# Negative Binomial Probability Distribution

A Negative Binomial Probability Distribution is a discrete probability distribution that can be an instantiation of a Negative Binomial Mass Function.

## References

### 2012

• http://en.wikipedia.org/wiki/Negative_binomial_distribution
• QUOTE: In probability theory and statistics, the negative binomial distribution is a discrete probability distribution of the number of successes in a sequence of Bernoulli trials before a specified (non-random) number of failures (denoted r) occur. For example, if one throws a die repeatedly until the third time “1” appears, then the probability distribution of the number of non-“1”s that had appeared will be negative binomial.

The Pascal distribution (after Blaise Pascal) and Polya distribution (for George Pólya) are special cases of the negative binomial.
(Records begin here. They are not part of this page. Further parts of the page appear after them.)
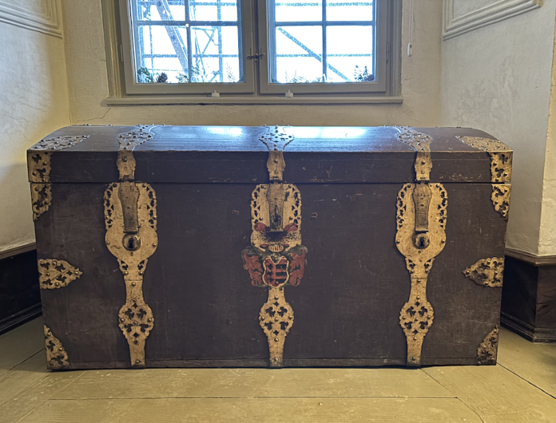 I riddersalen på Gammel Estrup Danmarks Herregårdsmuseum står to smukke egetræskister med guldbeslag. Inskriptionen L.V.T. henviser til, at de har tilhørt Lucie von Thienen (1717-1743), som medbragte brudekisterne, da hun i 1740 indgik ægteskab med Jørgen Scheel (1718 -1786), der ejede herregården Gammel Estrup.
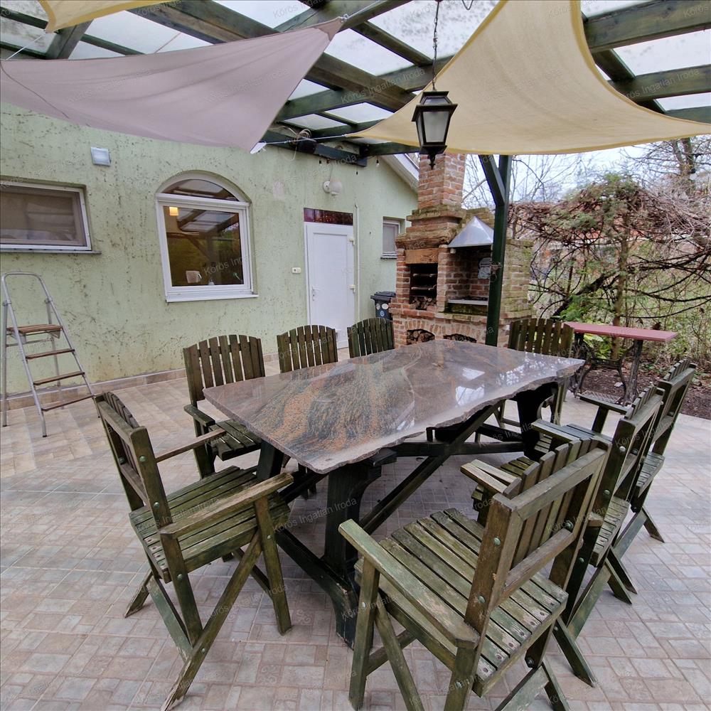 Az ingatlan belső udvarában fedett-burkolt terasz, sarkában épített pizzasütő kemence, grillező funkcióval, az előkertben parkolásra alkalmas térkővel kirakott placc szolgálja kényelmünket. Utcafronton szekcionált nagykapval ellátott 3D-s kerítés került kialakításra. a telek mérete: 511m2
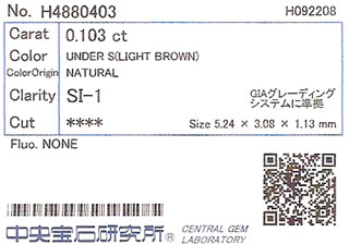ナチュラルのブラウンダイヤモンドです。ナチュラルとは、ダイヤそのものはもちろん、カラーの起源も天然の本物のダイヤモンドのことを言います。
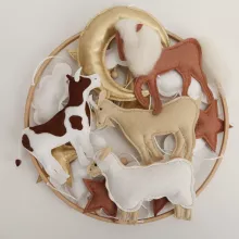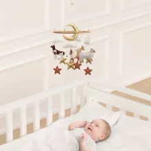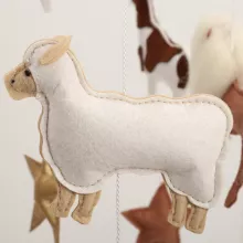 Bring a touch of gentle farmyard magic to your baby’s nursery with this delightful farm animal mobile. Featuring soft, handcrafted cows, horses, goats, and sheep, this mobile is designed to captivate your little one’s attention while adding a playful, neutral charm to any room. Perfect for above the crib or on a play area, it’s more than just décor—it’s a tool for early development and sensory exploration.
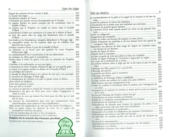 Le Coran est la révélation des propres Paroles d'Allah pour guider ses créatures. Le Coran est la source fondamentale des Enseignements islamiques. Il est donc nécessaire pour chaque musulman de le comprendre correctement. Tafsir Ibn Kathir est l'exégèse la plus renomée et la plus acceptée dans le monde entier. On y trouve la meilleure présentation de Hadiths, histoires et commentaires des Oulémas.

There is a convention among engineers, climatologists, and others to reserve “negative binomial” in a strict sense or “Pascal” for the case of an integer-valued stopping-time parameter r, and use “Polya” for the real-valued case. The Polya distribution more accurately models occurrences of “contagious” discrete events, like tornado outbreaks, than the Poisson distribution.
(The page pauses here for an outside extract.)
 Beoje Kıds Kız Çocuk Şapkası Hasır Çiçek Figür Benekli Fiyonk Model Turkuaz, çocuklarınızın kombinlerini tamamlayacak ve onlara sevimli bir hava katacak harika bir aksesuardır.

• http://en.wikipedia.org/wiki/Negative_binomial_distribution#Definition
• QUOTE: Suppose there is a sequence of independent Bernoulli trials, each trial having two potential outcomes called “success” and “failure”. In each trial the probability of success is p and of failure is (1 − p). We are observing this sequence until a predefined number r of failures has occurred. Then the random number of successes we have seen, X, will have the negative binomial (or Pascal) distribution: :$\displaystyle{ X\ \sim\ \text{NB}(r,\, p) }$

When applied to real-world situations, the words success and failure need not necessarily be associated with outcomes which we see as good or bad. Say in one case we may use the negative binomial distribution to model the number of days a certain machine works before it breaks down. In such a case “success” would mean the machine was working properly, whereas “failure” would mean it broke down. In another case we can use the negative binomial distribution to model the number of attempts needed for a sportsman to score a goal. Then “failure” would be his/her scoring the goal, whereas “successes” are misses.
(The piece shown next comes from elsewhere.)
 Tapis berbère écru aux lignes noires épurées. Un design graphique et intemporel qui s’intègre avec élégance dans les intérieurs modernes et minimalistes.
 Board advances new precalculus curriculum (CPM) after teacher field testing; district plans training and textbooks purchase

The probability mass function of the negative binomial distribution is :$\displaystyle{ f(k) \equiv \Pr(X = k) = {k+r-1 \choose k} (1-p)^r p^k \quad\text{for }k = 0, 1, 2, \dots }$

Here the quantity in parentheses is the binomial coefficient, and is equal to

$\displaystyle{ {k+r-1 \choose k} = \frac{(k+r-1)!}{k!\,(r-1)!} = \frac{(k+r-1)(k+r-2)\cdots(r)}{k!}. }$

This quantity can alternatively be written in the following manner, explaining the name “negative binomial”: :$\displaystyle{ \frac{(k+r-1)\cdots(r)}{k!} = (-1)^k \frac{(-r)(-r-1)(-r-2)\cdots(-r-k+1)}{k!} = (-1)^k{-r \choose k}. \qquad (*) }$

To understand the above definition of the probability mass function, note that the probability for every specific sequence of k successes and r failures is (1 − p)rpk, because the outcomes of the k + r trials are supposed to happen independently. Since the rth failure comes last, it remains to choose the k trials with successes out of the remaining k + r − 1 trials. The above binomial coefficient, due to its combinatorial interpretation, gives precisely the number of all these sequences of length k + r − 1.